Ce mille-pattes évolue dans l’un des lieux les plus isolés et inhospitaliers de la Terre

mille-pattes
Cryptos speleorex. Crédits : Varpu Vahtera

Une nouvelle espèce de mille-pattes a récemment été découverte par une équipe internationale de chercheurs dans la grotte roumaine de Movile. Cet environnement unique au monde est pourtant l’un des plus inhospitaliers.

Une équipe de chercheurs détaille la découverte d’une espèce de mille-pattes troglobionte récemment isolée dans la grotte de Movile, en Roumanie. Coupé du monde extérieur pendant environ 5,5 millions d’années, avant qu’il ne soit découvert en 1986, cet environnement n’est pourtant pas un endroit où il fait bon vivre. Du moins, au premier abord.

Dans cet écosystème souterrain unique, l’oxygène est en effet deux fois moins abondant que ce à quoi nous sommes habitués, l’obscurité y est totale, et le taux d’humidité atteint les 100%. Sans oublier les niveaux importants de soufre, de méthane, d’ammoniac et de dioxyde de carbone présents dans l’air. Au premier abord, cette grotte ne dispose donc pas des conditions nécessaires au développement de la vie. Mais comme le dit si bien le Dr. Ian Malcolm dans Jurassic Park, « la vie trouve toujours un chemin« .

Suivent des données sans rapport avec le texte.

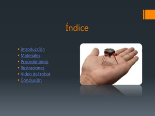 El documento describe un proyecto de un robot mosquito casero realizado por un grupo de estudiantes, explicando los materiales y el procedimiento para su construcción. El objetivo es divertir a los observadores mediante el movimiento del robot, que simula el desplazamiento de un mosquito. Al final, se destaca el aprendizaje sobre tecnología y el uso de materiales simples del hogar.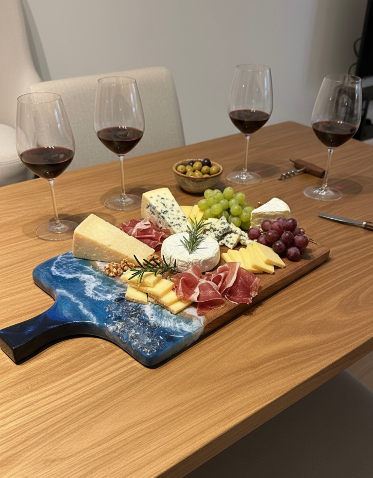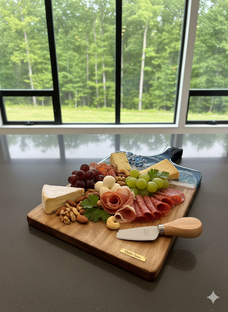 Tablas en Madera de Pino con decoración en Resina y piedras Turcas en azul marino. Perfectas para Decorar tus espacios y reuniones, ideales para colocar quesos y charcuterías.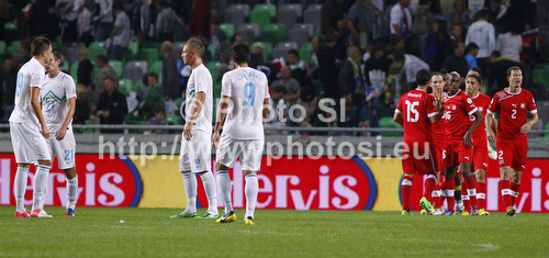 Ljubljana ,Slovenia - 07.09.2012 : Players of Switzerland celebrate their victory after end of FIFA World cup 2014 qualification football match between Slovenia and Switzerland. Match between Slovenia and Switzerland was played in Stozice arena in Ljubljana, Slovenia, on Friday, 7th of September 2012. Photo by: Primoz Jeroncic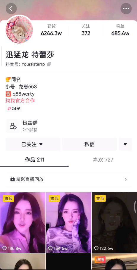第一步,打开抖音APP,找到我们想要下载的博主,比如刺客喜欢的“迅猛龙”: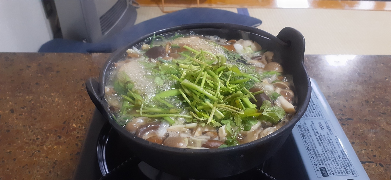 おすすめの「山菜そば」を注文、1500円と高めでしたが、なべにどっさり山菜が入っていて、「山菜そば」というより「山菜なべ」でした。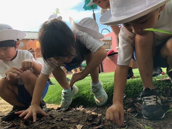 木の下のプランターをひっくり返してダンゴムシを探していると、他の子どもたちも寄ってきて、一緒になって探してくれました。ふとしたことがきっかけで子どもたちの輪は広がっていきます。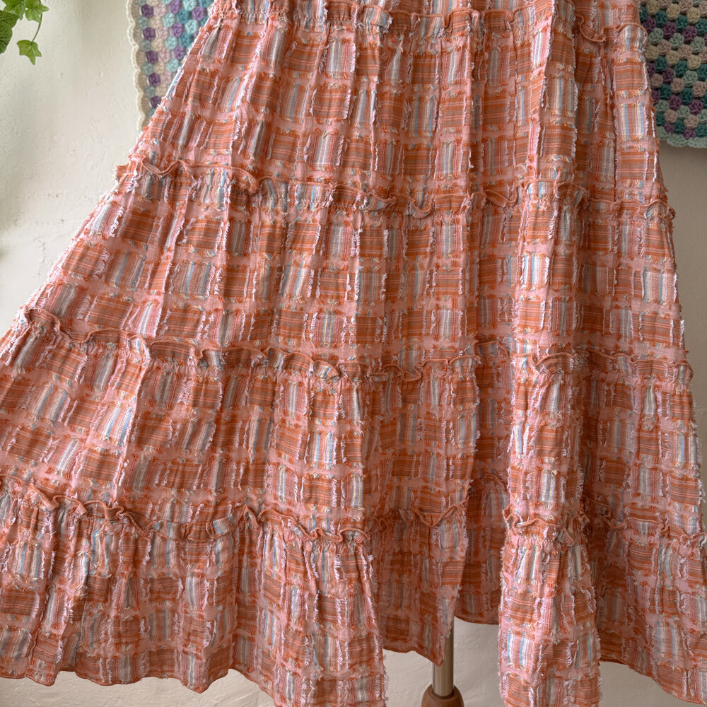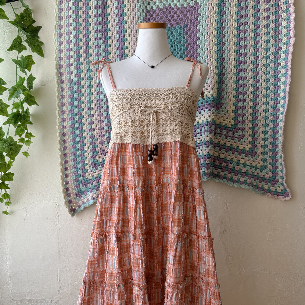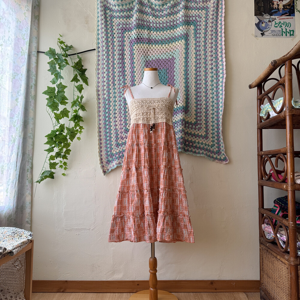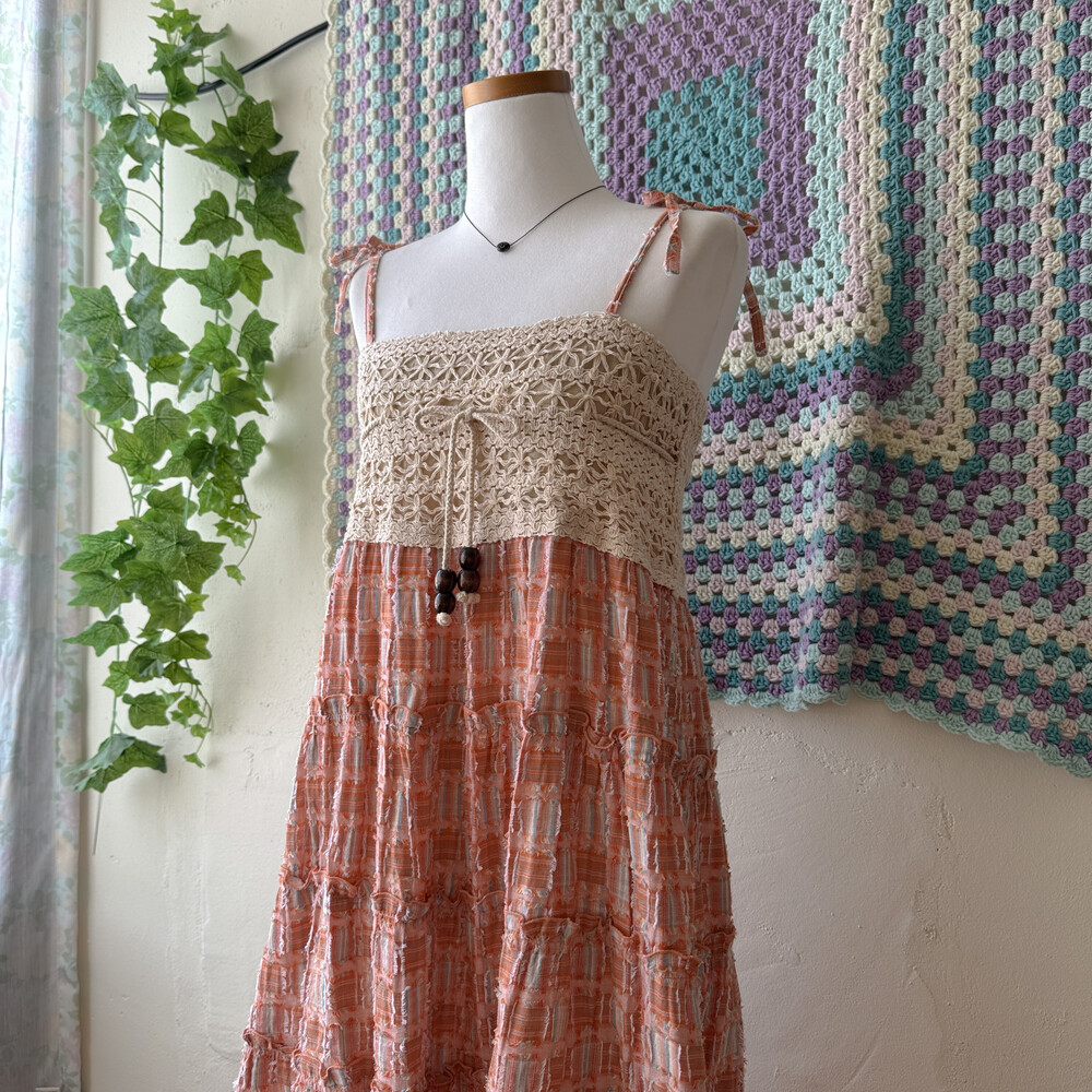 오렌지, 아쿠아블루 등 색감 조합의 사각 무늬 끈원피스예요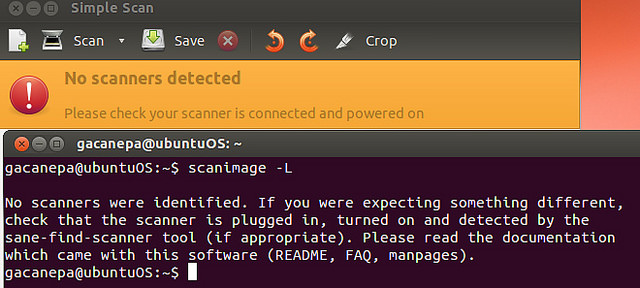 1)让我们第一步来检查在我们的Ubuntu客户端主机上是否存在一台可用的扫描仪。没有先前的安装,你将会看到信息提示"没有识别到扫描仪." $ scanimage -L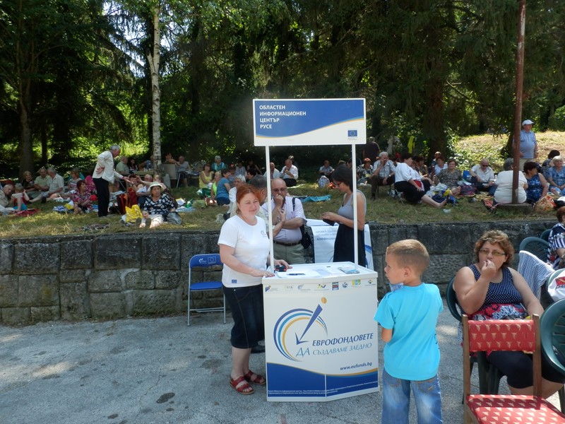 Областният информационен център-Русе представи възможностите за финансиране на проекти чрез ЕСИФ в изнесена приемна в Лесопарка „Липник“ в рамките на фолклорния фестивал „Сцена под липите“.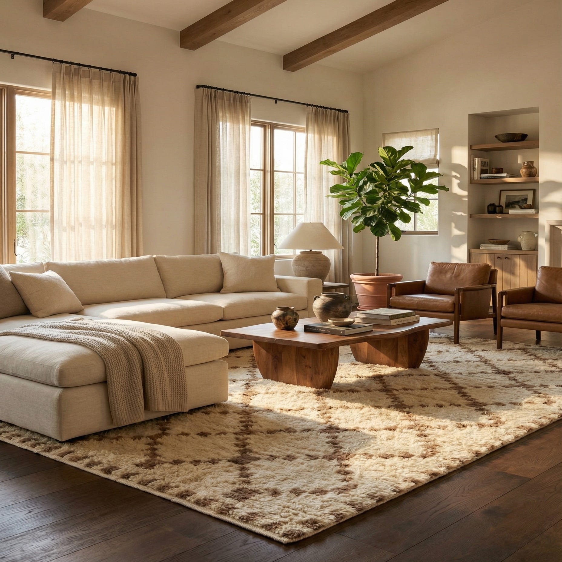Primary color is Ivory. Colors in this rug include: Ivory, Brown.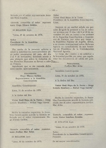 ví.tor Ra¡{ IIáya & la lore- Jorso blea co¡st i luyen ¡¿ rcordó la licencia soli.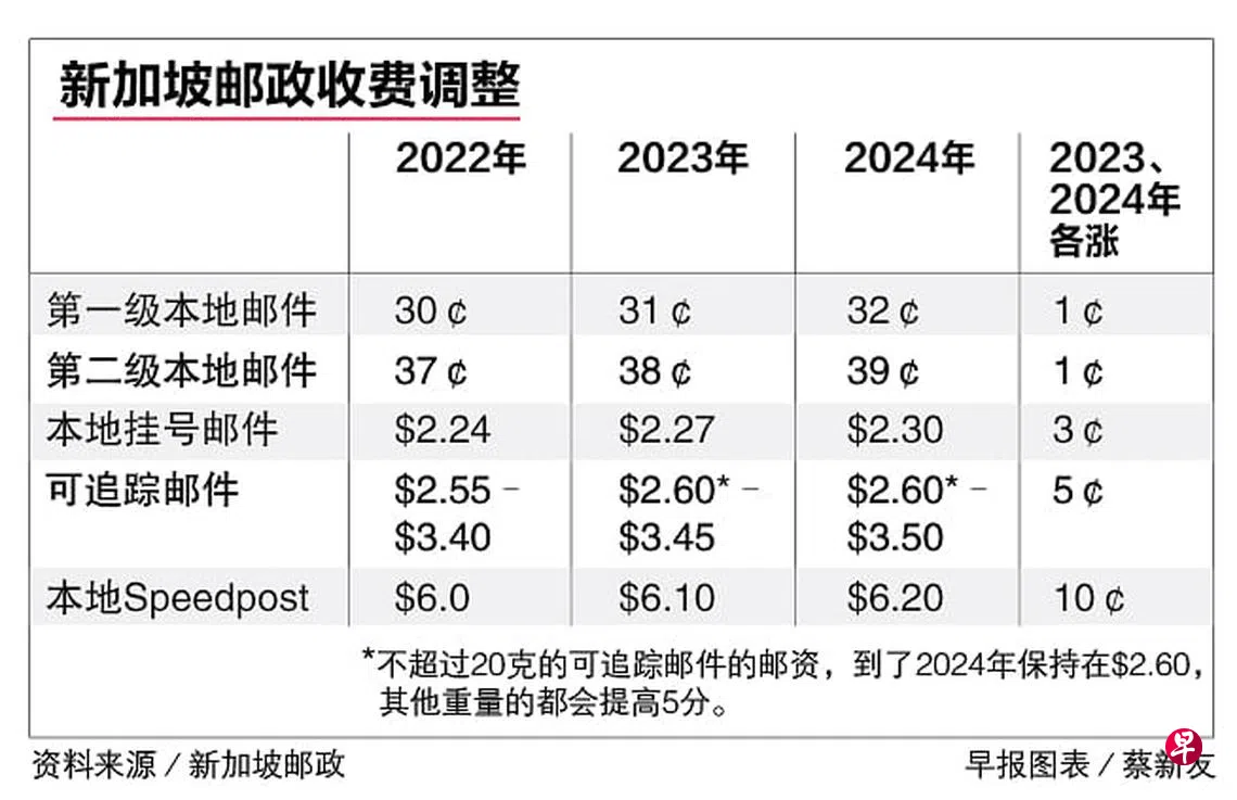 新加坡邮政明年和后年都会调高邮资和速递费,总涨幅介于2分到2角。

Un réseau trophique en autarcie

D’autant que ce cette espèce de mille-patte, nommée Cryptops speleorex, n’est pas seule en ces lieux. Au dernier recensement, la grotte hébergeait en effet pas moins de 51 espèces d’invertébrés dont 34 sont endémiques. Tous en bas de l’échelle alimentaire se trouvent des bactéries tirant leur subsistance d’un phénomène de synthèse chimique. Concrètement, elles produisent de l’énergie en oxydant le sulfure d’hydrogène présent en abondance dans l’atmosphère et l’eau de la grotte et s’en servent pour synthétiser des molécules nourricières à partir de dioxyde de carbone.

Ces bactéries servent ensuite de nourriture à d’autres bactéries, dites filamenteuses, et à des champignons. Eux-mêmes sont ensuite consommées par des vers et des crustacés, qui à leur tour sont chassés par des prédateurs plus imposants, de types araignées et mille-pattes. Vous obtenez alors un réseau trophique en totale autarcie capable de se développer sans apport d’énergie solaire.

mille-pattes
Crédits : MIHAI BACIU, GESS LAB, MANGALIA

Cryptops speleorex, avec ses cinq centimètres de long, est le plus gros de ces prédateurs. En comparant son ADN à celui de Cryptos anomalans, un autre mille-pattes retrouvé non loin en surface, les chercheurs ont constaté que ces deux espèces ont bel et bien évolué chacune de leur côté durant plusieurs millions d’années. Preuve, une fois de plus, de la parfaite « étanchéité » de cette grotte. Certes, cette cave présente bien ici et là quelques cavités capables, sur le papier, de pouvoir autoriser les échanges avec le monde extérieur, mais toutes sont obstruées par de l’argile.

Les détails de l’étude sont publiés dans la revue ZooKeys.